Dennis Ferrer de New York s’occupait de boucler la boucle de la salle house. En général, plus la nuit avance, plus la musique évolue en intensité et du coup devient, pour les amateurs de tech house comme moi, le moment tant attendu de la nuit. Pas cette fois, dommage. Dennis Ferrer a tellement ralenti la cadence que je le soupçonne secrètement d’avoir voulu faire partir les gens plus tôt. Ses enchainements de styles musicaux complètement différents, ses interminables longueurs et même un moment de silence, m’ont déçue. Ferrer aurait pu s’occuper facilement du 5 à 7 d’avant. Il n’était pas du tout équipé pour suivre Pagano. Plutôt que de le laisser me faire oublier la charmante nuit de musique que j’ai eue, j’ai préféré partir en ne croyant pas du tout à l’amélioration. Je n’étais pas la seule; la salle se vidait rapidement.

Mon expérience de la salle Trance fut assez brève. Je ne suis pas partisane de ce genre bien que j’ai eu ma phase plus jeune! J’essaie toujours de rester ouverte par rapport à ce genre tellement prévisible constitué de longueurs, de montées et d’explosions pour finalement tout répéter. Richard Durand provenant des Pays-Bas, ce pays producteur de DJ’ s trance, m'a mis le doute pour ce qui a trait aux choix des organisateurs quant aux DJ’ s. Le set de Durand sonnait préenregistré. C’était tellement facile qu’on aurait dit une liste de lecture sur un iPod. Ma question est : pourquoi l’avoir choisi? Il y a tellement de bons DJ’ s rien qu’à Montréal qui se surpasseraient pour avoir la chance de performer devant un public nombreux comme le Black & Blue. Je comprends le besoin de faire venir des DJ’ s’internationaux mais je ne peux pas m’empêcher de dire que tant qu’a écouter du périmé venant de l’extérieur aussi bien prendre quelque chose de plus frais près de chez nous! Cette réflexion est le seul effet que m’a fait Richard Durand. Bref, sur la scène se trouvait aussi un animateur qui prenait la parole tout les dix minutes pour tenter de faire réagir la maigre foule devant Durand. Un animateur de foule au Black & Blue? Eh oui. Sur ce, j’ai préféré rester du côté de la salle House.

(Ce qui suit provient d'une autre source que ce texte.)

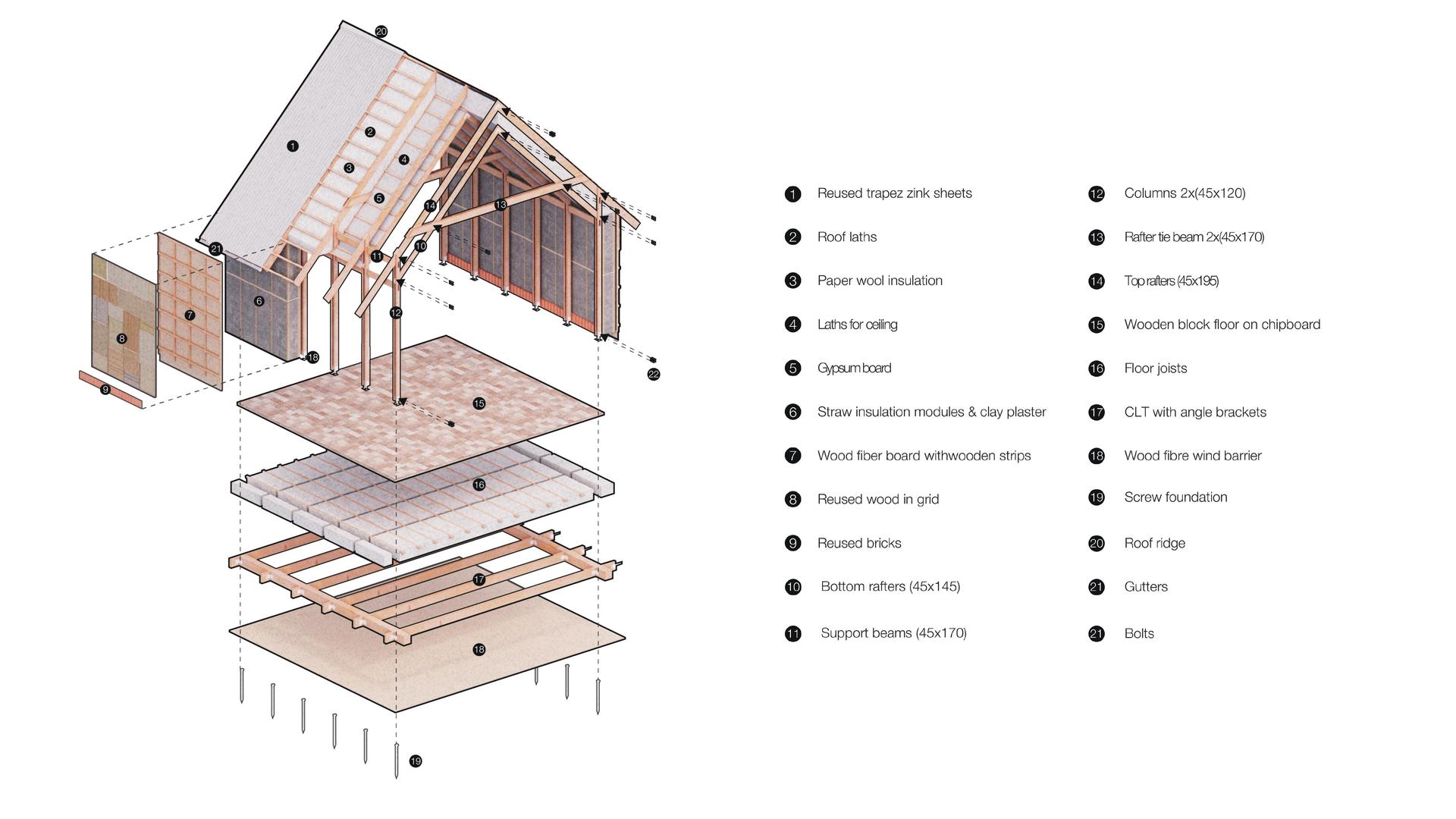 This master thesis explores the integration of sufficiency measures as a crucial component in the shift to a sustainable architecture practice, which is often achieved through efficiency measures. Through the research of current design principles in sustainable architecture and case studies, this thesis develops a framework that presents strategic and design principles that can achieve the objective of including sufficiency in architectural design. With the use of an integrated design approach that includes sketching, modelling, life cycle assessments, simulations of light and structures, this thesis conceptualizes and exemplifies how efficiency, sufficiency and sufficiency aesthetics can be a part of a sustainable architectural design process.
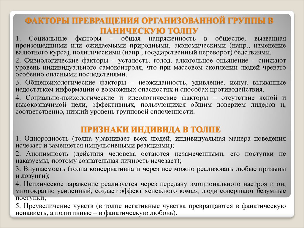 ФАКТОРЫ ПРЕВРАЩЕНИЯ ОРГАНИЗОВАННОЙ ГРУППЫ ВПАНИЧЕСКУЮ ТОЛПУ
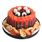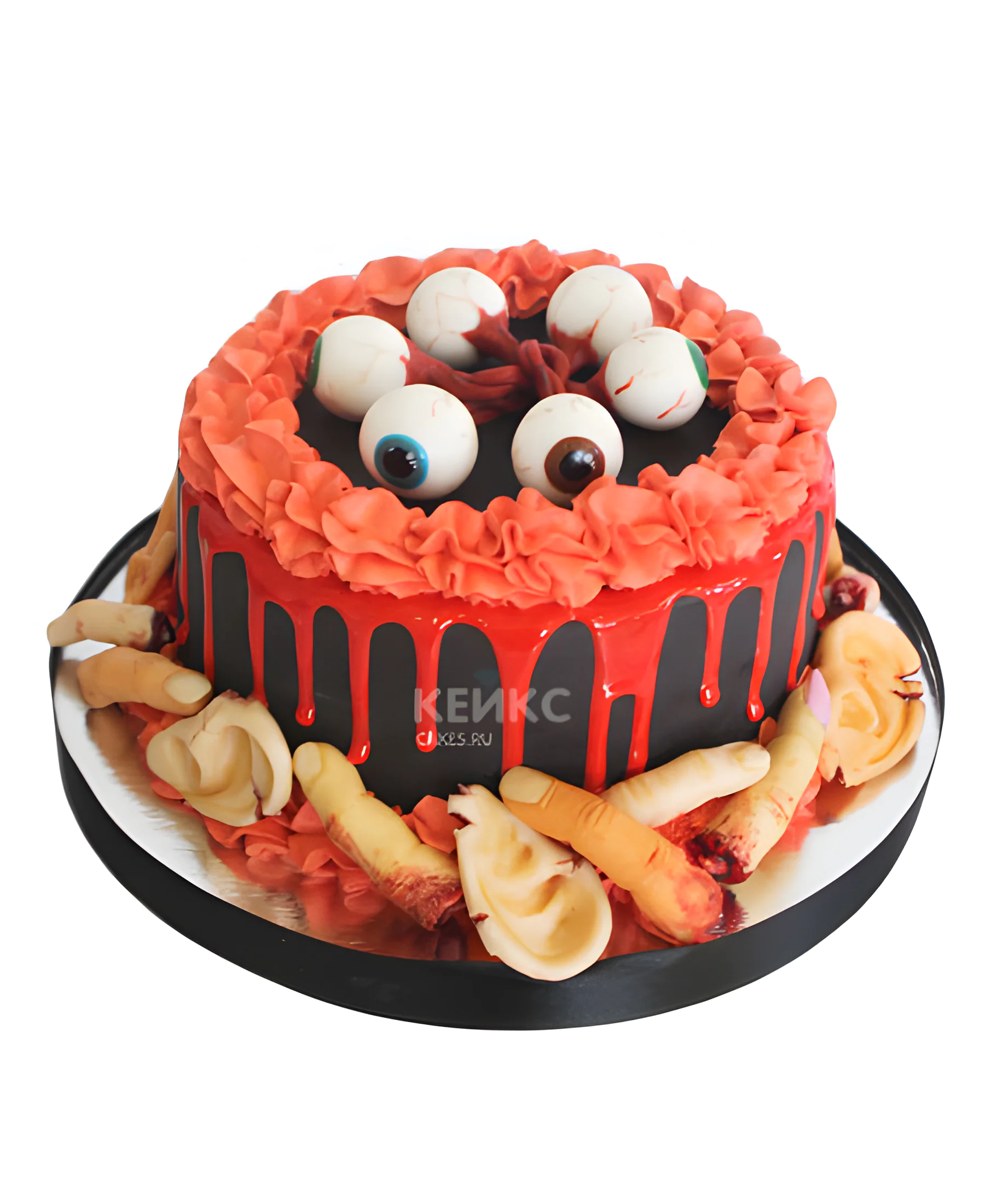Торт на Хэллоуин с глазами из мастики и красными подтеками

Sur une note plus positive, je dirais que l’endroit a su conquérir les danseurs. La sécurité était fortement présente sur les lieux et le personnel de santé aussi. L’ambiance était très festive contrairement à certaines éditions plus sombres. Par contre, impossible de garder sous silence une circonstance que plus d’un, moi comprise, a beaucoup dérangée. Je m’explique. En moyenne, une personne débourse entre cent et cent cinquante dollars pour son billet. À l’intérieur, il fait très chaud et il faut s’hydrater. C’est évident qu'il faut acheter une bouteille d’eau au coût de 5 $. Tout ça est normal, c’est toujours pareil dans ce genre d’événement. Ce que je trouve un peu scandaleux (c’est la première fois que je vois ça malgré tout les nuits du genre auxquelles j’ai participé) c’est de carrément couper l’eau froide pour empêcher les gens de remplir leurs bouteilles d’eau. Alors, même pour se rafraichir le visage l’eau chaude était la seule option. Il y a quelqu’un quelque part qui a pris la décision de couper l’eau froide des robinets pour vendre plus de bouteilles d’eau. Bref, je trouve ça particulier comme situation.

Le Festival Black & Blue s’est terminé comme à son habitude sur les coups de midi. Aucune arrestation n’a eu lieu à la grande fierté des organisateurs. BBCM a tenu sa promesse, la 23e édition était synonyme de changements rafraichissants. Chapeau!